Imagine sitting down with your patient and care partner to find them prepared to choose a treatment that works for them.
Imagine that they know their life priorities and their life challenges and can and will communicate them to you.
Imagine that you have a key to the Tower of Babel and can communicate with anyone.
Imagine that you have the latest research at your fingertips so you can have informed conversations with your patient.
Imagine that they understand that recommended treatments might work.

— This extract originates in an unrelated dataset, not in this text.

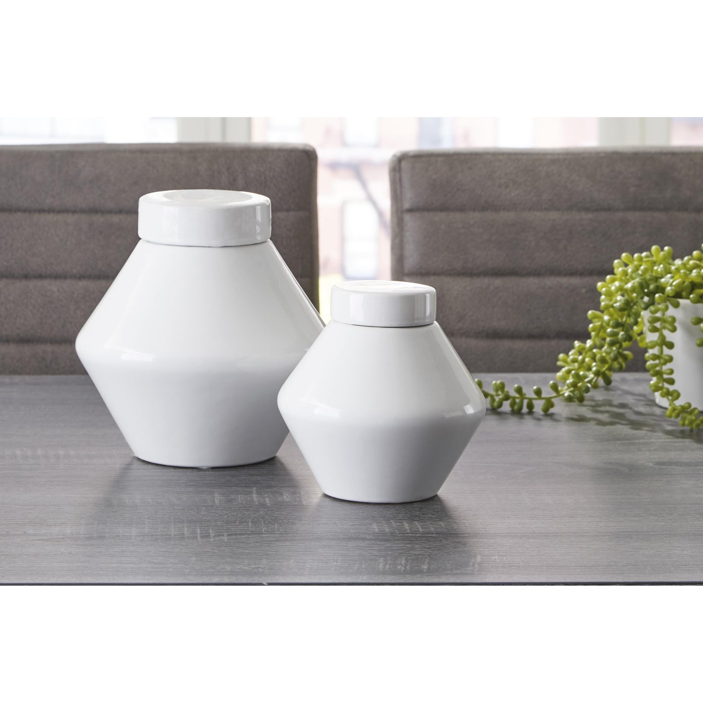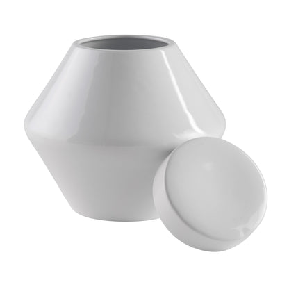 Show off your sense of curated good taste with this glazed ceramic jar with removable lid. Minimalistic and modern, this set is the embodiment of sleek style.

It’s an experiment based on pretty good research, your clinical experience and training, and your sensitivity to them.
Imagine that you all accept the uncertainty of evidence and of life.
Imagine that they trust you.
Imagine that you have all the time you need together with no distractions for you or them.
Imagine that your practice runs so efficiently and effectively that most of your face time with patients is spent in relationship building, exam, and problem-solving.
Imagine that by spending a few minutes together, you can to input assessment and exam and their data seamlessly into their electronic medical record (EHR).
Imagine that they can and do submit corrections to the data in their records and that those corrections can be reviewed and entered quickly.
Imagine that it’s easy to track in the EHR how well the actions taken to treat actually worked over time using your entries and their entries.
Imagine that the recommendations chosen automatically populate a personal care plan for your patient along with all the other choices you made together about treatment and self-care.
Imagine that they will follow the plan, track progress, and let you know when they don’t and why.
Imagine that the up-to-date treatment plan and tracker is shareable in real time with anyone the patient chooses using any EHR or health app.
Patient and Care Partner
Imagine that you have all the information you need to make decisions about your medical treatment including the cost of those choices.
Imagine that the information can be shared with your family, friends, and advisors so you are prepared to advocate for yourself and make decisions with your doctor.
Imagine that you can talk about your life’s goals and challenges and that your doctor can hear you.
Imagine that all health professionals realize that they are guests in your life.
Imagine that you have time to talk and share with your doctor without distractions.
Imagine that your doctor trusts you to be the expert about you.
Imagine that your doctor helps you understand research and how it applies to you.
Imagine that you have a care partner who goes to doctor visits with you, listens and advocates for you.
Imagine that your health and wellness choices and plans can be found in your EHR.
Imagine that you can correct and update your health data and track your progress in your EHR.
Imagine you have one up-to-date EHR for all settings and providers and you control who has access to it.
Imagine that you have access to medical advice and can get questions answered when you need it, in a manner that you can digest.
Imagine that if you try something and it doesn’t work, you can adjust quickly with your health team to try something else.